Start of Block

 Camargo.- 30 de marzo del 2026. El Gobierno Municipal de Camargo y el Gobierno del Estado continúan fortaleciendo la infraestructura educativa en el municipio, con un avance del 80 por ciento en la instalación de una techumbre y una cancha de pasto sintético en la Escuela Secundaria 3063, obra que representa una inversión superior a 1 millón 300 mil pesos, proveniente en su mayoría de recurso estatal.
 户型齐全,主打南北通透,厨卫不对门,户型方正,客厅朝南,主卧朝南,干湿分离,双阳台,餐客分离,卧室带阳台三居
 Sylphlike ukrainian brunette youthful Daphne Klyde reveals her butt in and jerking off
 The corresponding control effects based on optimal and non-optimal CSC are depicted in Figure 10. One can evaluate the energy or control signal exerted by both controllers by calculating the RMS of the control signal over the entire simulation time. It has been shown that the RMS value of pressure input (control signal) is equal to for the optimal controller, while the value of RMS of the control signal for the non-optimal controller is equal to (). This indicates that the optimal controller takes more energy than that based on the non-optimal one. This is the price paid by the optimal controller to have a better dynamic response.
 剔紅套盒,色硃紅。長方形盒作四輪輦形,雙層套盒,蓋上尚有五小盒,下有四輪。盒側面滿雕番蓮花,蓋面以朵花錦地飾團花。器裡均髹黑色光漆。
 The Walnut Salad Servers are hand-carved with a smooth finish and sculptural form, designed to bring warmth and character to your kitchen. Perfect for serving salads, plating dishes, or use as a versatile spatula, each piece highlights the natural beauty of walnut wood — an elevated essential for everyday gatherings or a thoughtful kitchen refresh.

End of Block
Start of Block

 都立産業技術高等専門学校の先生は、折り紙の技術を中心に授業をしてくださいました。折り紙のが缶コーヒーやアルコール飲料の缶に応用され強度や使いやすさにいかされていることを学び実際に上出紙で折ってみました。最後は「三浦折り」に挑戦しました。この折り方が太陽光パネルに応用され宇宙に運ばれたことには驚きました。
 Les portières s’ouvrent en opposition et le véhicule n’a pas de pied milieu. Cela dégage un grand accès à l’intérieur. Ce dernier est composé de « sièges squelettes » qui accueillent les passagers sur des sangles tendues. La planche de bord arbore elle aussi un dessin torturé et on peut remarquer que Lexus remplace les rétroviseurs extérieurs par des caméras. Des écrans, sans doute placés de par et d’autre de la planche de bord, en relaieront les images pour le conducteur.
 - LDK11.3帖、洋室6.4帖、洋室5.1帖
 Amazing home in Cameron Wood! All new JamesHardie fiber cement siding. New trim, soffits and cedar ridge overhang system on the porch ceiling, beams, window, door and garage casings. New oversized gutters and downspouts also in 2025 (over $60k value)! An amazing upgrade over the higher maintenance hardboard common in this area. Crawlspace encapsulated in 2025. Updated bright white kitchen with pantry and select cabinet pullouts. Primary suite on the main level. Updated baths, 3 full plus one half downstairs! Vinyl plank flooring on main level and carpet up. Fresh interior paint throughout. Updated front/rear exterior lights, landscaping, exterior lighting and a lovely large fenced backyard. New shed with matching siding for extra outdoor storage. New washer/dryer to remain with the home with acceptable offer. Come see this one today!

End of Block

* **EXERCISE DESCRIPTION**: From the records above, transcribe exactly the run of lines that opens with the line holding "Camargo.- 30 de" and closes with the line holding "剔紅套盒,色硃紅。長方形盒作", both included.

* **OUTPUT FOR THIS TASK**:
 Camargo.- 30 de marzo del 2026. El Gobierno Municipal de Camargo y el Gobierno del Estado continúan fortaleciendo la infraestructura educativa en el municipio, con un avance del 80 por ciento en la instalación de una techumbre y una cancha de pasto sintético en la Escuela Secundaria 3063, obra que representa una inversión superior a 1 millón 300 mil pesos, proveniente en su mayoría de recurso estatal.
 户型齐全,主打南北通透,厨卫不对门,户型方正,客厅朝南,主卧朝南,干湿分离,双阳台,餐客分离,卧室带阳台三居
 Sylphlike ukrainian brunette youthful Daphne Klyde reveals her butt in and jerking off
 The corresponding control effects based on optimal and non-optimal CSC are depicted in Figure 10. One can evaluate the energy or control signal exerted by both controllers by calculating the RMS of the control signal over the entire simulation time. It has been shown that the RMS value of pressure input (control signal) is equal to for the optimal controller, while the value of RMS of the control signal for the non-optimal controller is equal to (). This indicates that the optimal controller takes more energy than that based on the non-optimal one. This is the price paid by the optimal controller to have a better dynamic response.
 剔紅套盒,色硃紅。長方形盒作四輪輦形,雙層套盒,蓋上尚有五小盒,下有四輪。盒側面滿雕番蓮花,蓋面以朵花錦地飾團花。器裡均髹黑色光漆。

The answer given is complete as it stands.